E ela, o que tinha ela afinal? Além das coisas, dos encontros casuais, o que lhe sobrava de seu? E por que essa entrega contida? Trauma de algumas lembranças do passado? Medo da dor? Do desamor? Do desafeto? Ou medo justamente do contrário? Medo do apego e da paixão e da necessidade de pertencimento? Era sempre assim, ela dizia não querer se envolver com a sedução mundana, mas era tudo mais forte do que ela. Aí depois, quando se dava conta do tanto que estava submersa nas situações, prontamente colocava uma muralha ao seu redor. A muralha era impenetrável. Os que estavam de fora não entendiam. Ela que estava dentro sofria calada.

Voltou com passos lentos até a cozinha, olhou para a massa amarelada do bolo tropical. Uma lágrima que saiu de seus olhos caiu na mistura, porém ela não viu. Estava procurando uma assadeira. Assim que a achou, ligou o forno e deixou o bolo lá por quase uma hora, até que pudesse ficar no ponto. Sua cabeça estava a mil e, embora tentasse se auto convencer de que já não queria mais contato com Clarice, em seu coração ainda havia a falsa esperança de que ela aparecesse. Bem no seu íntimo torcia baixinho para que Clarice aparecesse. Ela precisava aparecer e lhe resgatar de todas aquelas incertezas e receios de existência. Não, não era isso que ela queria.

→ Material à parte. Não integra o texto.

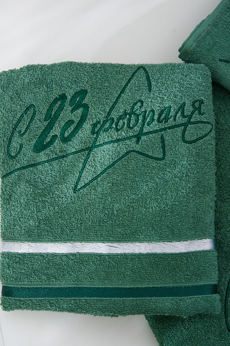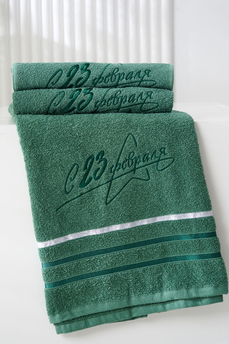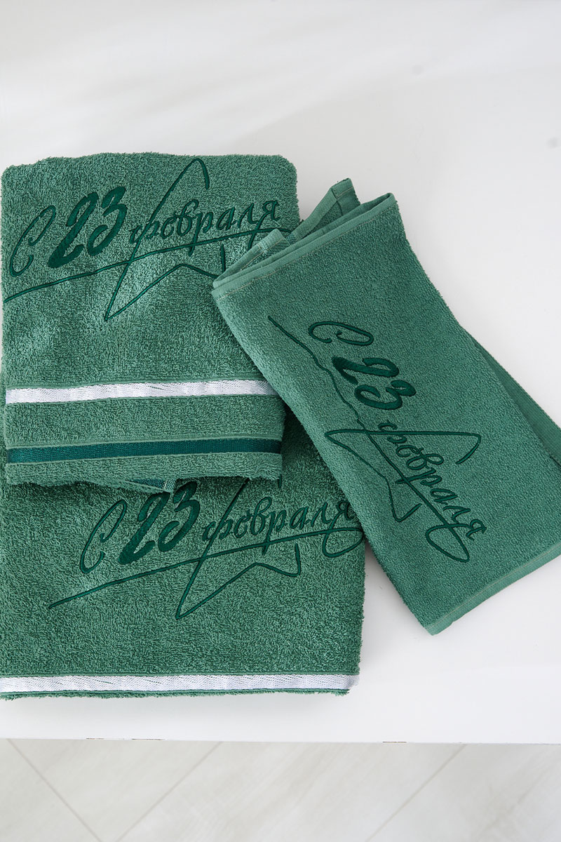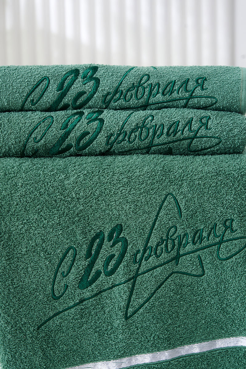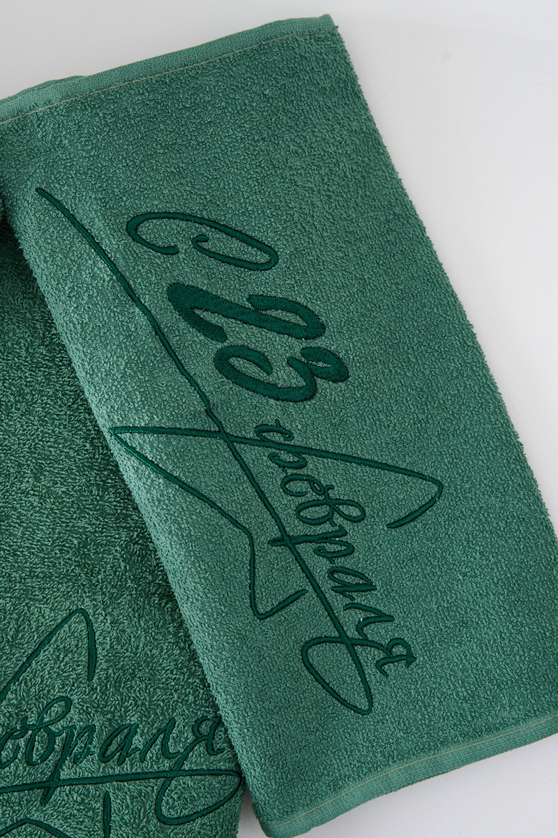 Полотенце махровое с вышивкой №14418/13 "23 февраля" зеленый

Na verdade era, mas ela tentava resistir com todas as forças. Porque ela se achava forte e não precisava de mais ninguém, muito menos de Clarice. Clarice inconstante. Clarice intensa. Clarice carregada de palavras que a seduzia e depois a assustava, a fazia recuar.

O despertador apitou. Já era hora de tirar o bolo do forno. Ela pegou uma luva e um pano de prato, tirou a assadeira com cuidado e colocou em um descansador em cima da pia. Olhou pela última vez para a porta fechada que não se abria com a vinda de Clarice, pegou uma faca e cortou uma fatia do bolo tropical. Ele estava solado.